---- Data segment
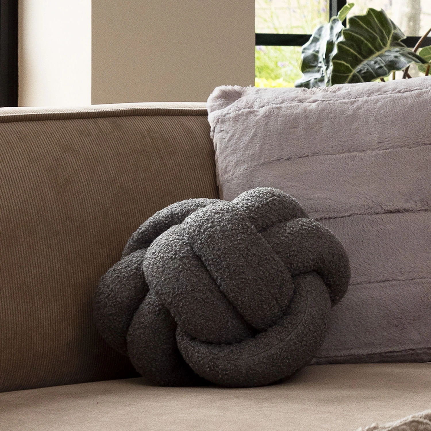 Boucle Fleece Charcoal Knot Cushion
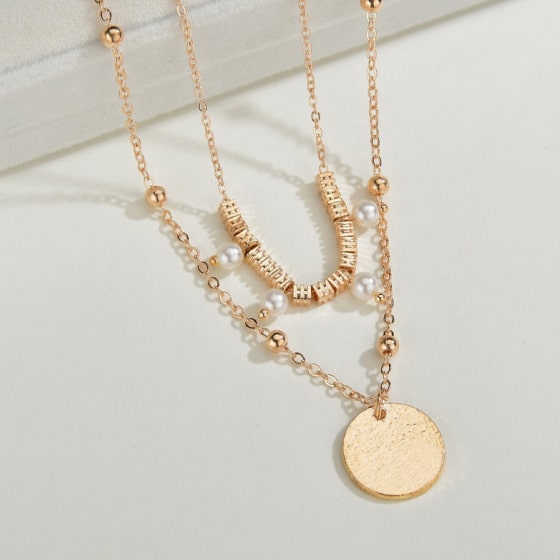 Loved this simple layered necklace. Wore it to a wedding and continued to wear different layers throughout my trip. Works great all together or separately. Good quality too, didn’t turn skin green or anything. Would buy again.
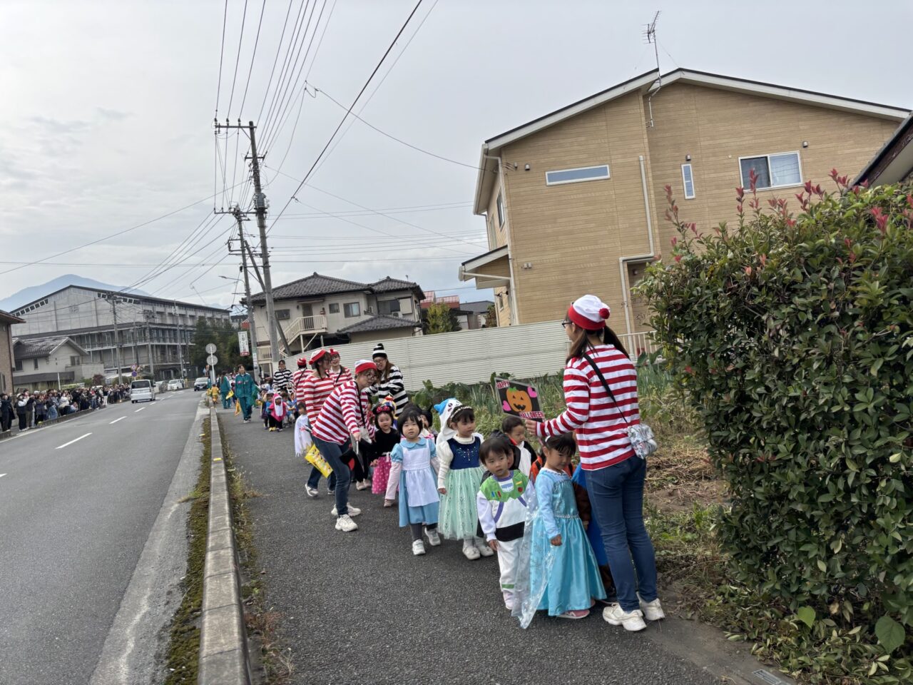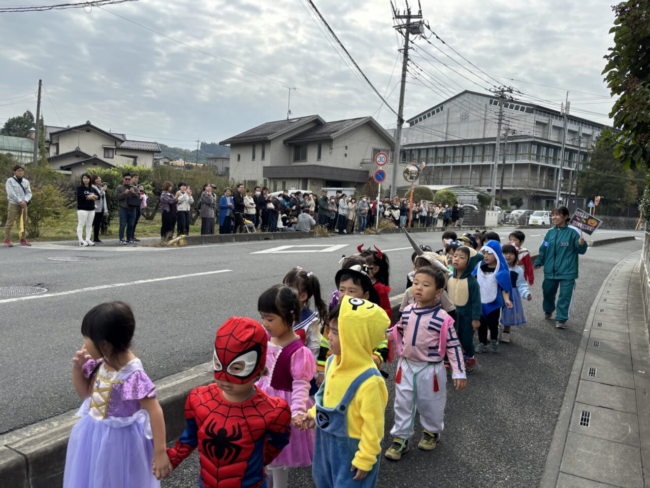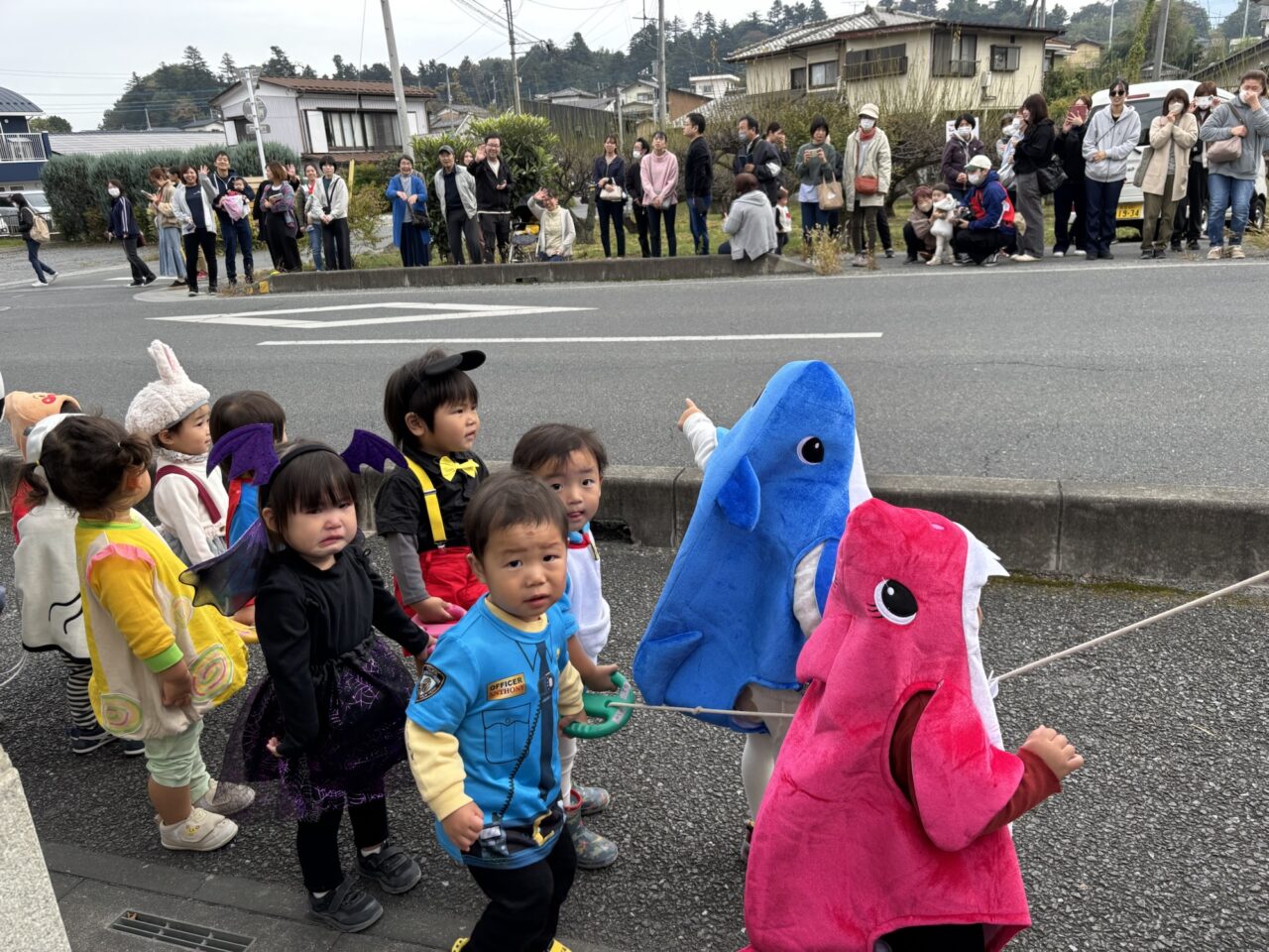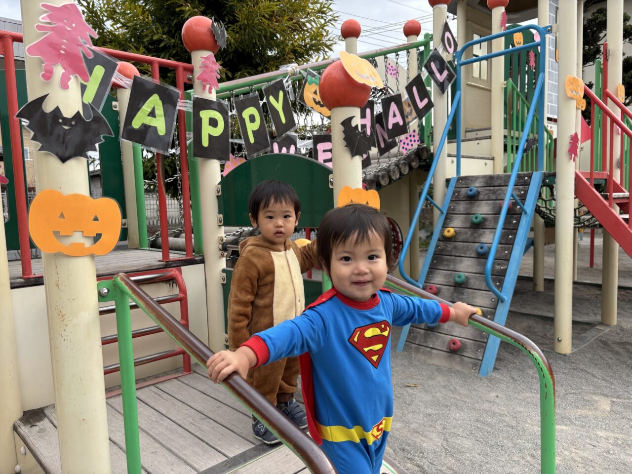 園庭に集まって、お友達の仮装を見たりハロウィンのダンスをしました
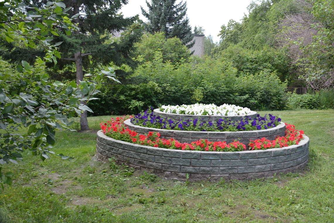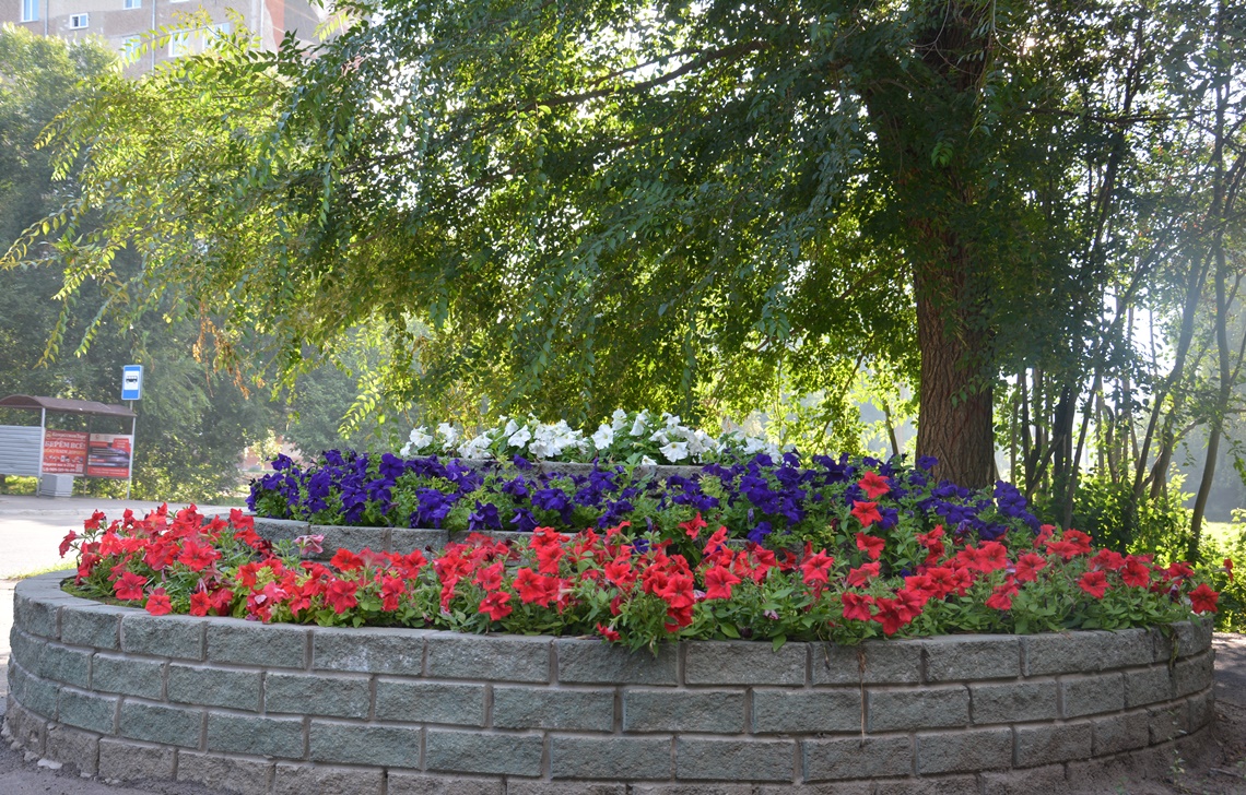 На остановке «Институт культуры» расположилась новая трехъярусная цветочная клумба из рваного камня, оформленная петуниями в цвет российского флага.
--------
• Aim of the task
Your response must consist of the lines from the beginning of the data through the line containing "園庭に集まって、お友達の仮装を見たりハロウィンのダンスをしました", transcribed exactly, with no pictures.

• Written solution
 Boucle Fleece Charcoal Knot Cushion
 Loved this simple layered necklace. Wore it to a wedding and continued to wear different layers throughout my trip. Works great all together or separately. Good quality too, didn’t turn skin green or anything. Would buy again.
 園庭に集まって、お友達の仮装を見たりハロウィンのダンスをしました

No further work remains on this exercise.